Collected data ::
------------------------------------
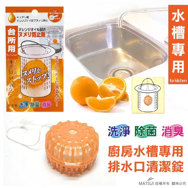 日本製造 廚房排水口專用清潔錠-橘子味
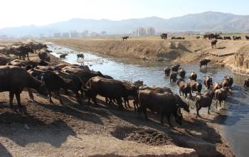 Afyonkarahisar’da mandaların sudan geçerek yayılma görüntüleri adeta Afrika bozkırlarındaki bufaloları anımsattı.
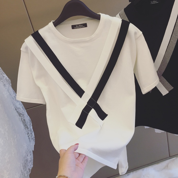 MR 2016春夏新款女装 韩版套头甜美海军学院风学生条纹短袖针织衫 -
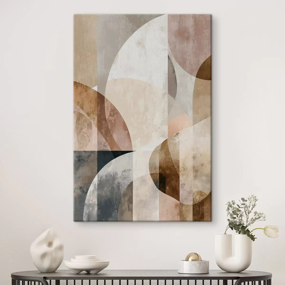 Obraz Moderná kompozícia s kruhovými tvarmi a vertikálnymi ťahmi Nr. s47980
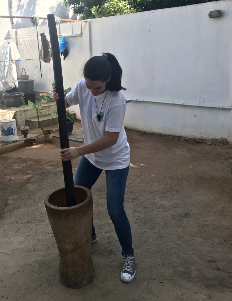 Um prato muito típico é a chima (tem um aspeto semelhante ao puré de batata, ainda que mais consistente, e é feito com farinha de milho). Matapa é um acompanhamento bastante cozinhado por todo o Moçambique e consoante a região é confecionada de maneira diferente (certo é que é feita com folhas da mandioca e leite de côco). Não só provámos como ajudámos a pilar molina (amendoim torrado, farinha de mandioca e açúcar), deliciosa! Este país premeia-nos também com castanhas de caju maravilhosas e verdadeira fruta (papaias, mangas, pera abacate, bananas, côco…).
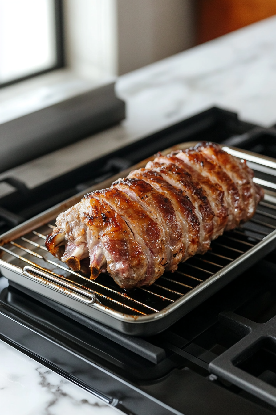 Setting Up Roasting Rack and Tray for Hoisin Soy Sauce Pork
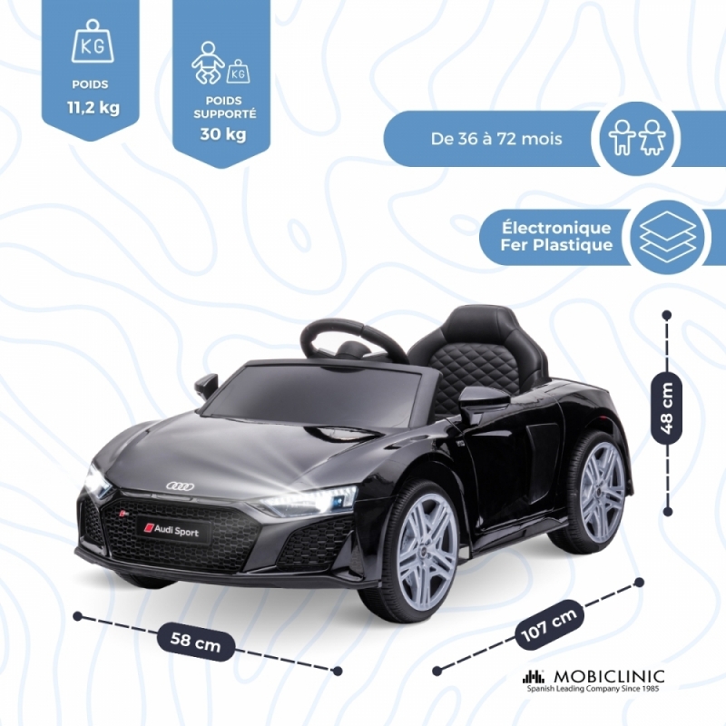 La voiture électrique MobiSporty, sous licence Audi R8 Spyder, est conçue pour offrir une expérience de conduite authentique et sûre aux plus petits. Avec des dimensions de 107 cm de long, 58 cm de large et 48 cm de haut, cette voiture électrique est parfaite pour les enfants entre 36 et 72 mois, offrant une manière ludique et éducative de développer la motricité et la coordination.
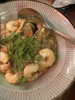The rice absorbs the essence of the seafood broth, soft and flavorful
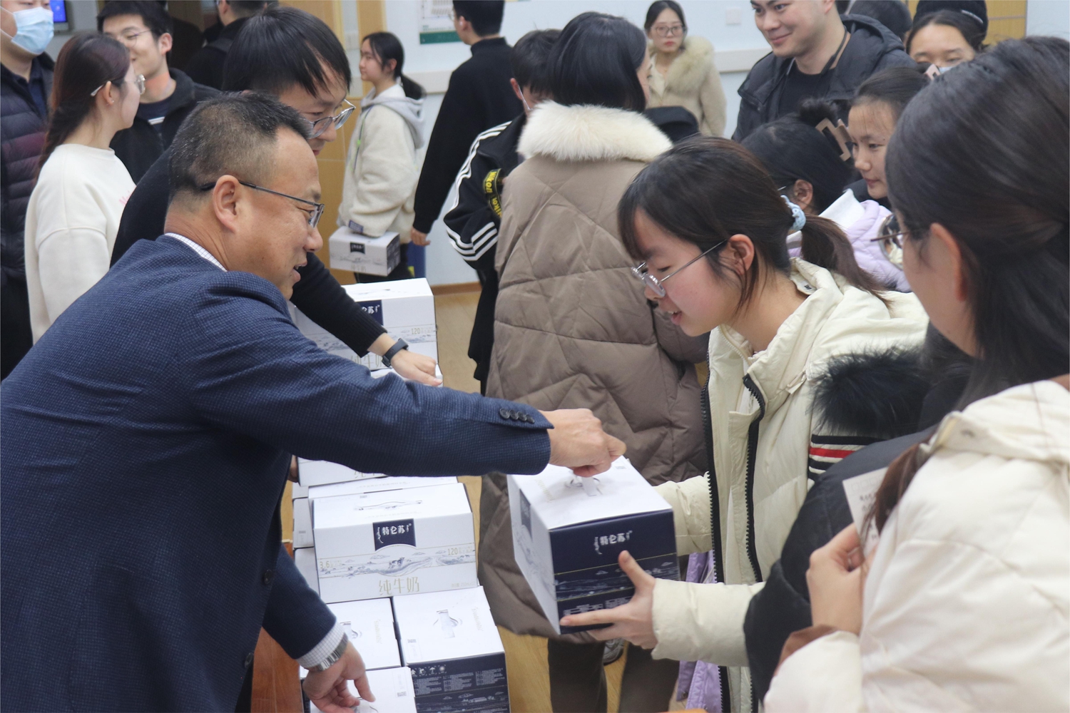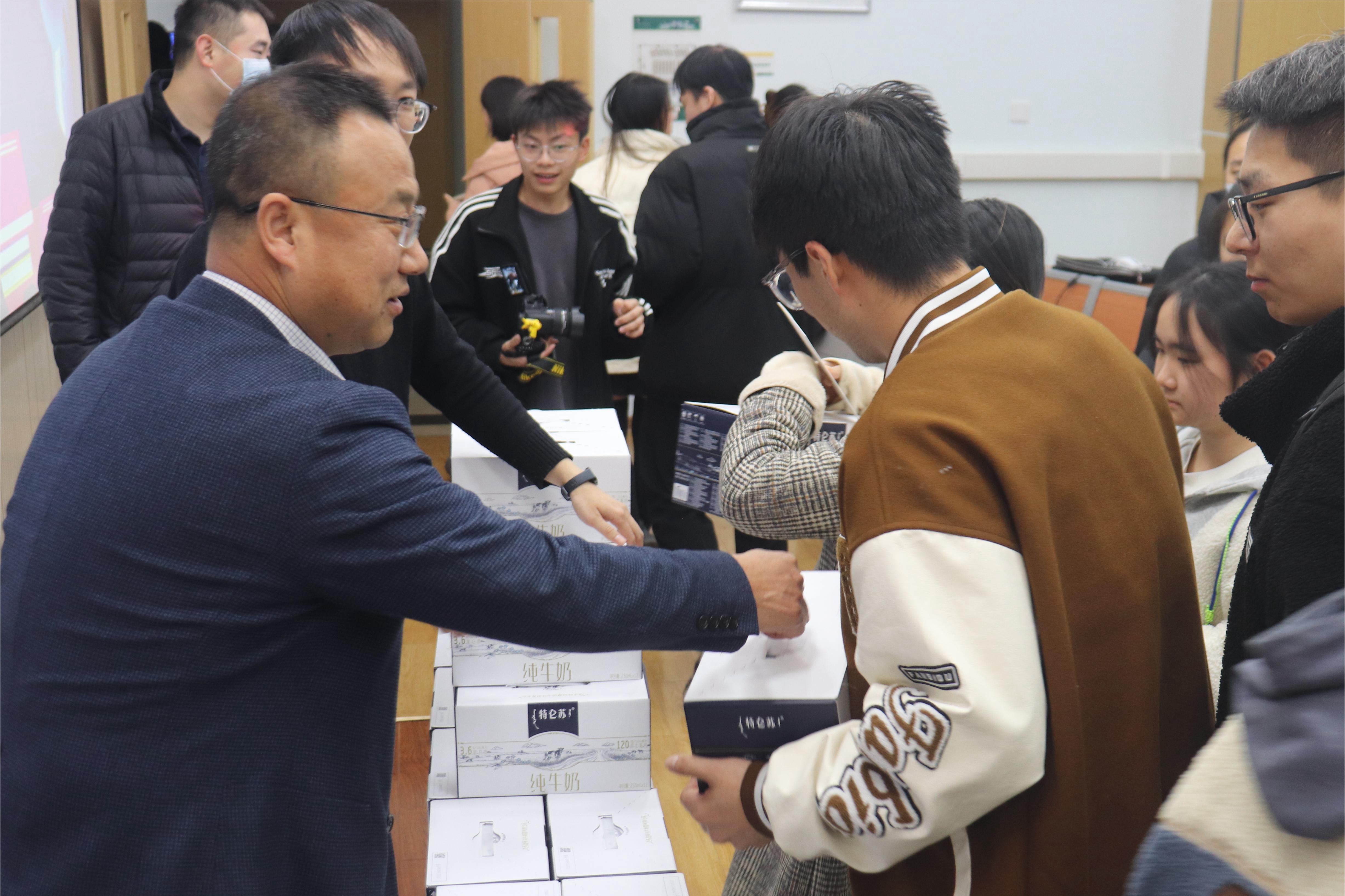 随后,王力为同学们分发宅宅爱动漫 准备的特仑苏牛奶和低年级学生准备的祝福卡片,给同学们补营养、送温暖。
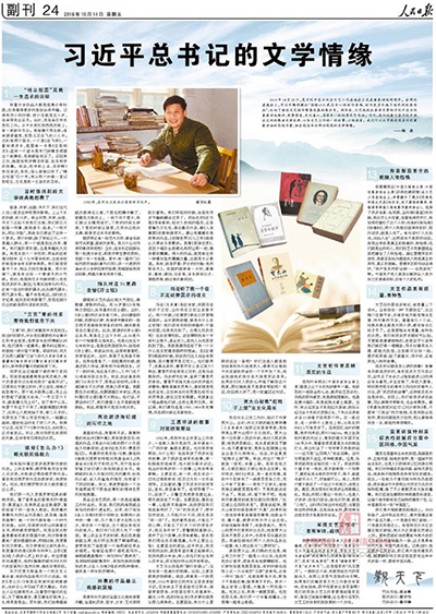 2016年10月14日,《人民日報》在第24版刊登了《習(xí)近平總書記的文學(xué)情緣》一文,文章的第一段就提到了“精忠報國”的故事。
------------------------------------
Retype exactly the lines above, starting at the line containing "La voiture électrique" and ending with the last line, both included; leave out the pictures.

 La voiture électrique MobiSporty, sous licence Audi R8 Spyder, est conçue pour offrir une expérience de conduite authentique et sûre aux plus petits. Avec des dimensions de 107 cm de long, 58 cm de large et 48 cm de haut, cette voiture électrique est parfaite pour les enfants entre 36 et 72 mois, offrant une manière ludique et éducative de développer la motricité et la coordination.
The rice absorbs the essence of the seafood broth, soft and flavorful
 随后,王力为同学们分发宅宅爱动漫 准备的特仑苏牛奶和低年级学生准备的祝福卡片,给同学们补营养、送温暖。
 2016年10月14日,《人民日報》在第24版刊登了《習(xí)近平總書記的文學(xué)情緣》一文,文章的第一段就提到了“精忠報國”的故事。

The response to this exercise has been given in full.